I take the evidence from forecasting to give evidence that orthodoxy can meet the challenge posed in the second paragraph. As it seems people (especially the most able) can make ‘rapid fire’ guesses on very recondite matters that are better than chance, we can argue by analogy that the period before guesswork manages to tend better than chance, even for the hard questions of complex cluelessness, tends to be more towards the ‘thousands of a second’ than ‘thousands of years’.
 In conversation Phil Trammell persuades me it isn’t strictly information in the classic sense of VoI which is missing. Although I am clueless with respect to poker, professional players aren’t, and yet VoI is commonplace in their decision making (e.g. factoring in whether they want to ‘see more cards’ in terms of how aggressively to bet). Contrariwise I may be clueless whilst having all the relevant facts, if I don’t know how to ‘put them together’.

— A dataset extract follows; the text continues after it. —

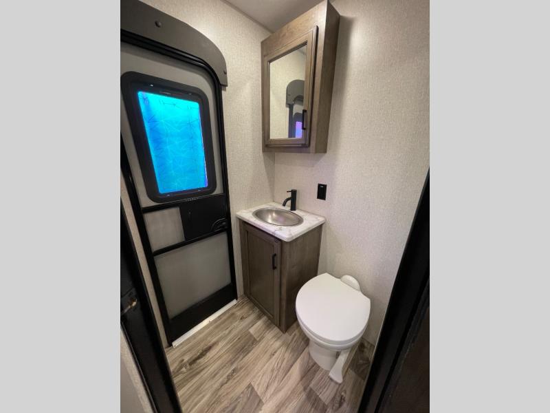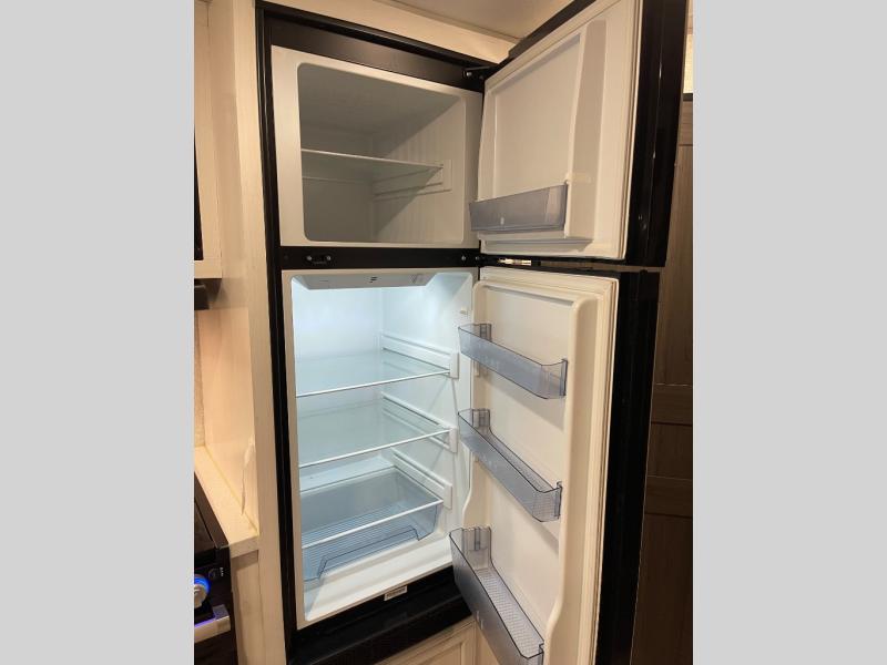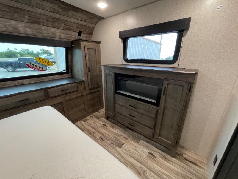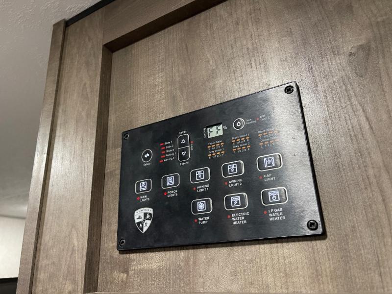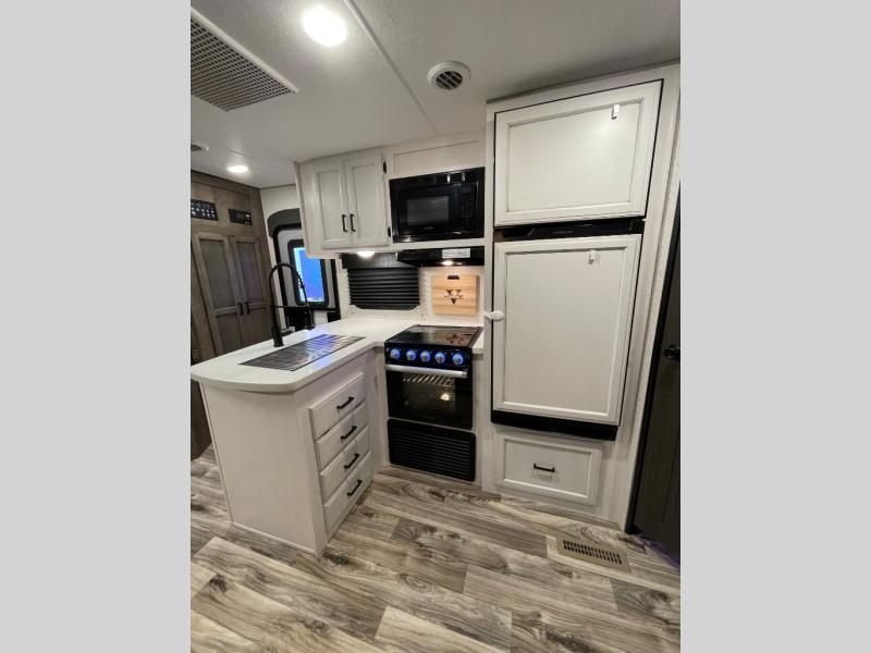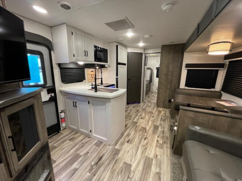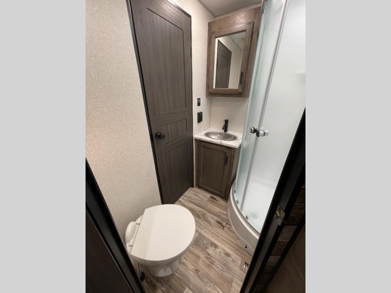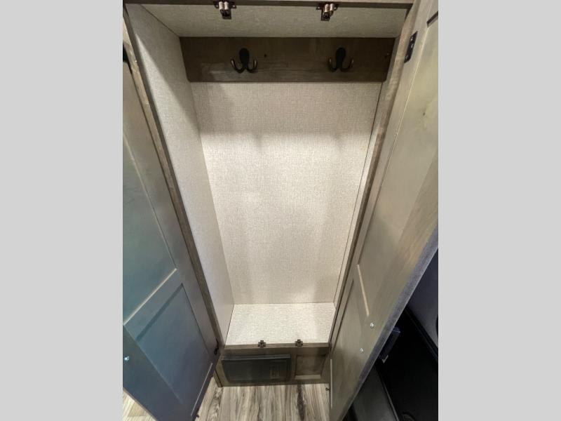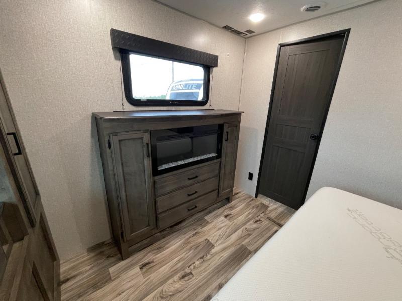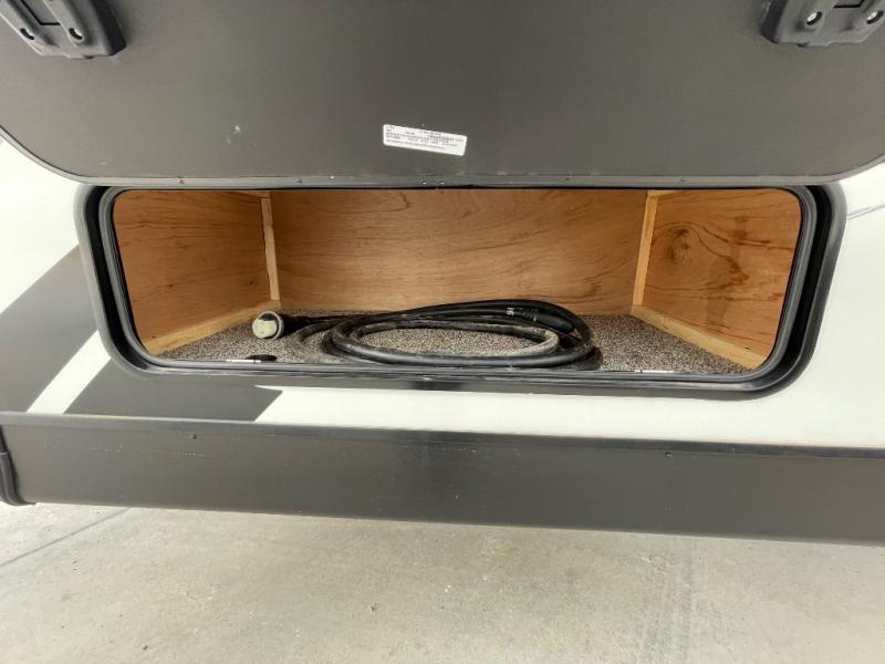 The whole family can camp together in this travel trailer! It features a rear private bunkhouse with a 28" x 70" top bunk above a 40" x 70" bottom bunk, a closet, and a 28" x 73" flip up top bunk above a 70" sofa with table slide. One of the dual entry doors leads directly into the half bathroom with fold-out aluminum steps so you can get back to having fun faster. The chef can prepare their best meals for the crew either indoors with the three burner cooktop or at the exterior campfire café with a 40" TV/DVD/speakers to entertain them while they cook. Everyone can gather together at the 42" grand dinette and 70" tri-fold sofa across from the entertainment center with a fireplace for a cozy evening. The dual entry bathroom is easy to access, especially for those staying in the front private bedroom. You even have a coat closet next to the main entrance to limit the clutter!

 Naturally, our initial impressions here might be mistaken, but can be informed by the success of our attempts to investigate (cf. multi-armed bandit problems).
 Perhaps one diagnostic for ‘simple cluelessness’ could be this sensitivity to ‘causal jitter’.
 An aside on generality and decomposition - relegated to a footnote as the natural responses seem sufficient to me: We might face a trade-off between broader and narrower questions on the same topic: is economic growth in country X a good thing versus economic growth generally, for example. In deciding to focus on one or the other we should weigh up their relative tractability (on its face, perhaps the former question is easier) applicability to the decision (facially, if the intervention is in country X, the more particular question is more important to answer - even if economic growth was generally good or bad, country X could be an exception), and generalisability (the latter question offers us a useful steer for other decisions we might have to make).
 If it turned out it was hopelessly intractable after all, that, despite appearances, there are not trends or levers - or perhaps we find there are many such levers connected to one another in an apparently endless ladder of plausibly sign-inverting crucial considerations - then I think we can make the same reply (roughly indifference) that we make to matters of simple cluelessness.